Work instructions.
Retype nothing but the lines from the start of the material up to and including the line with "A single qualitative". Pictures don't belong in the copy.

Recorded data.
================

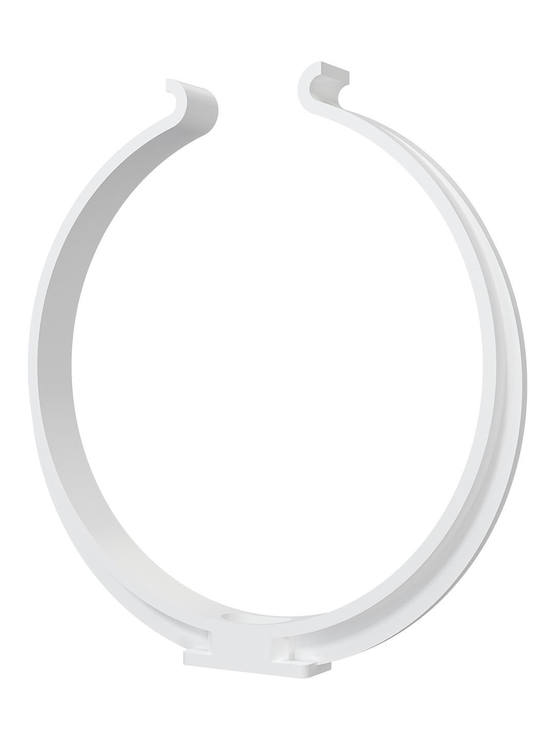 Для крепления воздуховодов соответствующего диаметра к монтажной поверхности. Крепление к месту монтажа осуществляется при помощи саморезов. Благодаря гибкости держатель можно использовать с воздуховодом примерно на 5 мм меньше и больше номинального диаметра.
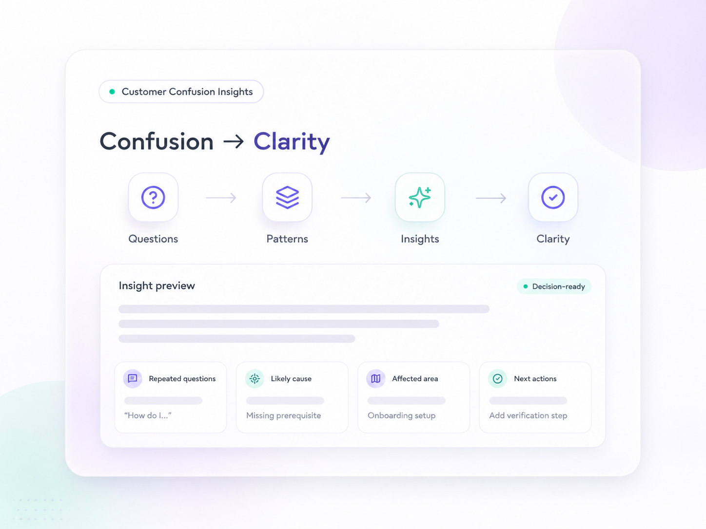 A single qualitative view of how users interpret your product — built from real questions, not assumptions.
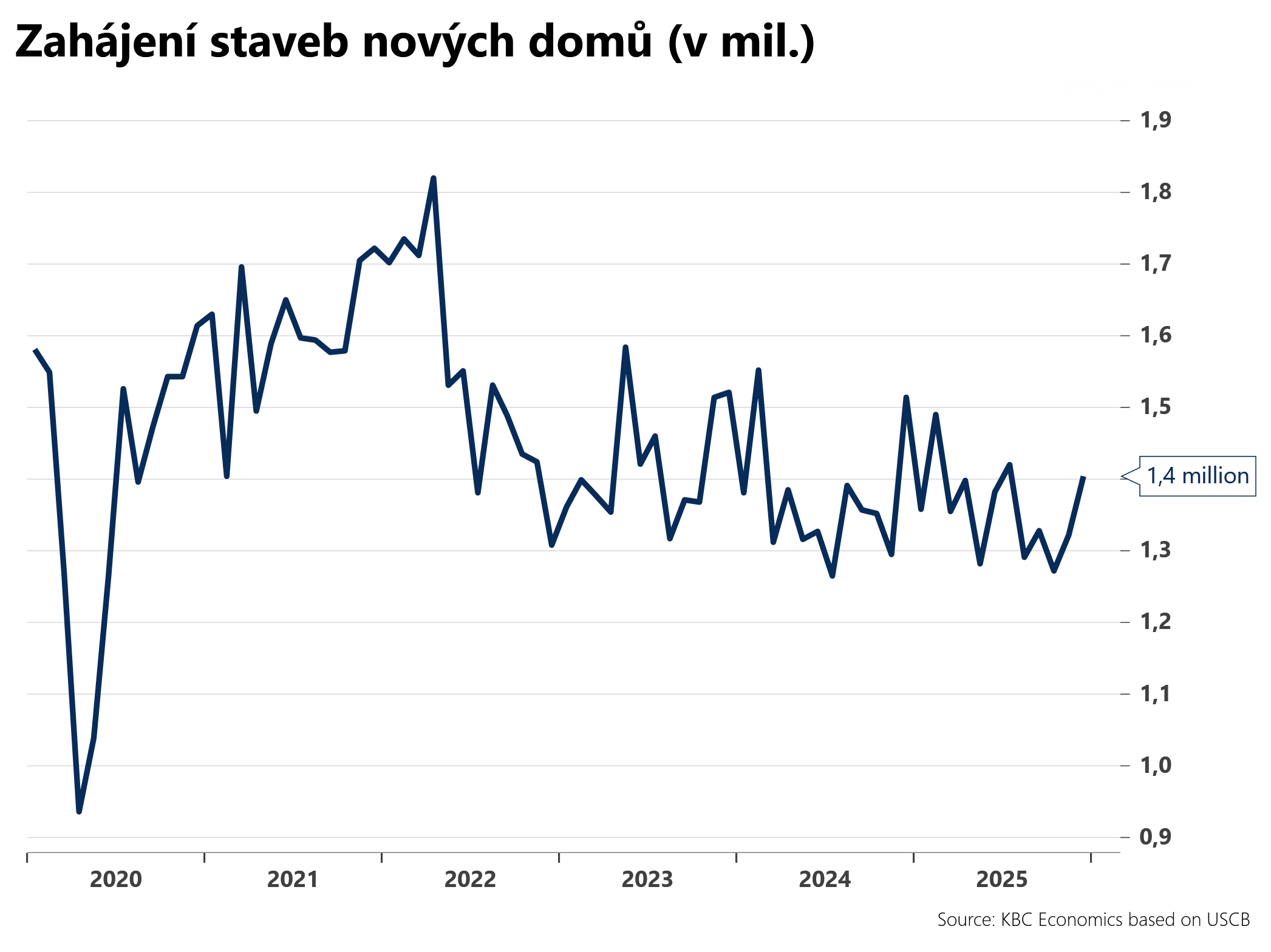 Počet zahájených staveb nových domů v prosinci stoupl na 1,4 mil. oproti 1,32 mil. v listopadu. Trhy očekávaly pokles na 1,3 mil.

================

Exercise result.
 Для крепления воздуховодов соответствующего диаметра к монтажной поверхности. Крепление к месту монтажа осуществляется при помощи саморезов. Благодаря гибкости держатель можно использовать с воздуховодом примерно на 5 мм меньше и больше номинального диаметра.
 A single qualitative view of how users interpret your product — built from real questions, not assumptions.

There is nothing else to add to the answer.